Fluconazole (a & b) and paroxetine (c & d) were neuroprotective against HIV gp120 and Tat toxicity in a drug screen using primary rat mixed hippocampal cultures. Mixed hippocampal cultures were pretreated with varying doses of fluconazole (a & b) or paroxetine (c & d) for 1 h prior to 18 h incubation with either HIV gp120 (a & c) or Tat (b & d), then assayed for cell viability using the MTT assay. Data are represented as mean +/-SEM and analyzed by one-way analysis of variance (ANOVA). Group-wise post hoc comparisons were assessed by Newman-Keuls multiple comparison tests. * p < 0.05, ** p < 0.01, *** p < 0.001
FluPar treatment reduced SIV-induced neurodegeneration
Given the protective effects of fluconazole and paroxetine on HIV gp120 and Tat neurotoxicity in vitro, we tested the neuroprotective effects of combination fluconazole/paroxetine (FluPar) treatment in a SIV model of HIV-associated CNS disease. Pigtailed macaques were dually inoculated with an immunosuppressive swarm (SIV/DeltaB670) and a neurovirulent clone (SIV/17E-Fr) of SIV, then either left untreated or treated with a combination fluconazole and paroxetine (FluPar) beginning at 12 dpi until euthanasia, approximately 84 dpi.
To assess the neuroprotective effect of FluPar treatment, we examined 3 indicators of neurodegeneration: CSF neurofilament light chain levels, APP accumulation in axons, and tissue levels of CaMKIIα. The presence of neurofilament light chain in the CSF is indicative of neuronal damage, particularly axonal damage, in several neurodegenerative diseases, including HIV (Abdulle et al, 2007; Jessen Krut et al, 2014; Norgren et al, 2003; Rosengren et al, 1996). FluPar-treated macaques had significantly lower levels of neurofilament light chain in the CSF compared to SIV-infected, untreated macaques (p = 0.023; Fig. 2a).
Fig. 2.
FluPar treatment reduced neuronal damage. Neurofilament light chain was measured in the CSF preinoculation and just prior to euthanasia by ELISA. Data are expressed as fold change at euthanasia compared to preinoculation levels. FluPar-treated macaques had significantly lower levels of neurofilament light chain in the CSF at euthanasia compared to controls (p = 0.023; a). APP was measured in the corpus callosum using quantitative immunohistochemistry as a marker of axonal degeneration.
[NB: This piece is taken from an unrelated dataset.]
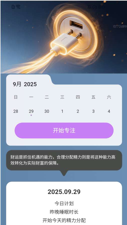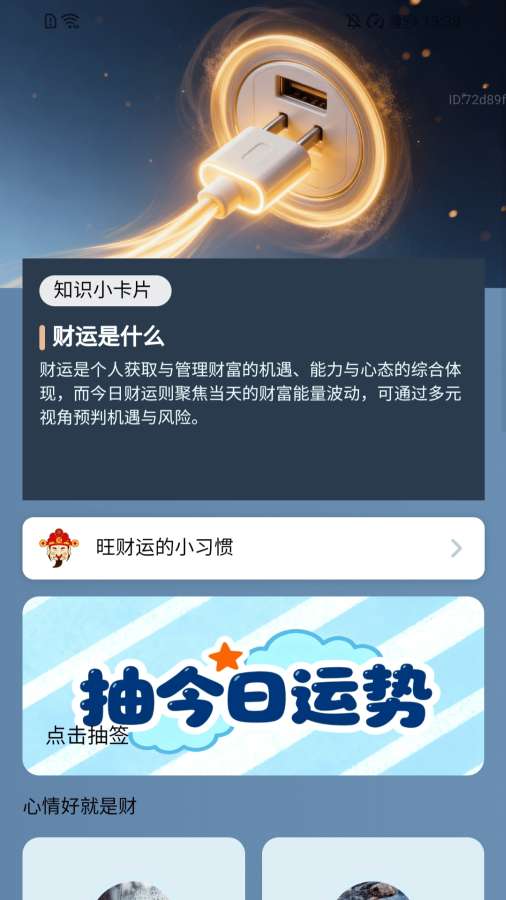 这款应用功能丰富且贴心。充电方面,有 “充电护卫”,能检测耗电应用,进行电量保护,还可开启 “强力省电” 模式,同时提供多种充电、满电、断开的提示音供设置,让你及时知晓充电状态。运势相关,有 “知识小卡片” 讲解财运,还有 “旺财运的小习惯” 推荐以及 “抽今日运势” 功能,增添生活趣味。时间与专注管理上,有日历显示,可点击 “开始专注”,还能查看今日计划、昨晚睡眠时长,助力合理分配精力,从充电守护、运势探索到时间与精力管理,多维度为你提供服务。 来自: 财运充进来

FluPar-treated macaques had significantly lower levels of APP than untreated controls (p = 0.041, b). Bars represent medians. Statistical comparisons were made using the Mann-Whitney test.
We previously demonstrated axonal accumulation of APP in our SIV macaque model, which was highly correlative with behavioral deficits (Mankowski et al, 2002b; Weed et al, 2003). We found that FluPar-treated macaques had significantly lower levels of APP accumulation than SIV-infected, untreated macaques (p = 0.041; Fig. 2b).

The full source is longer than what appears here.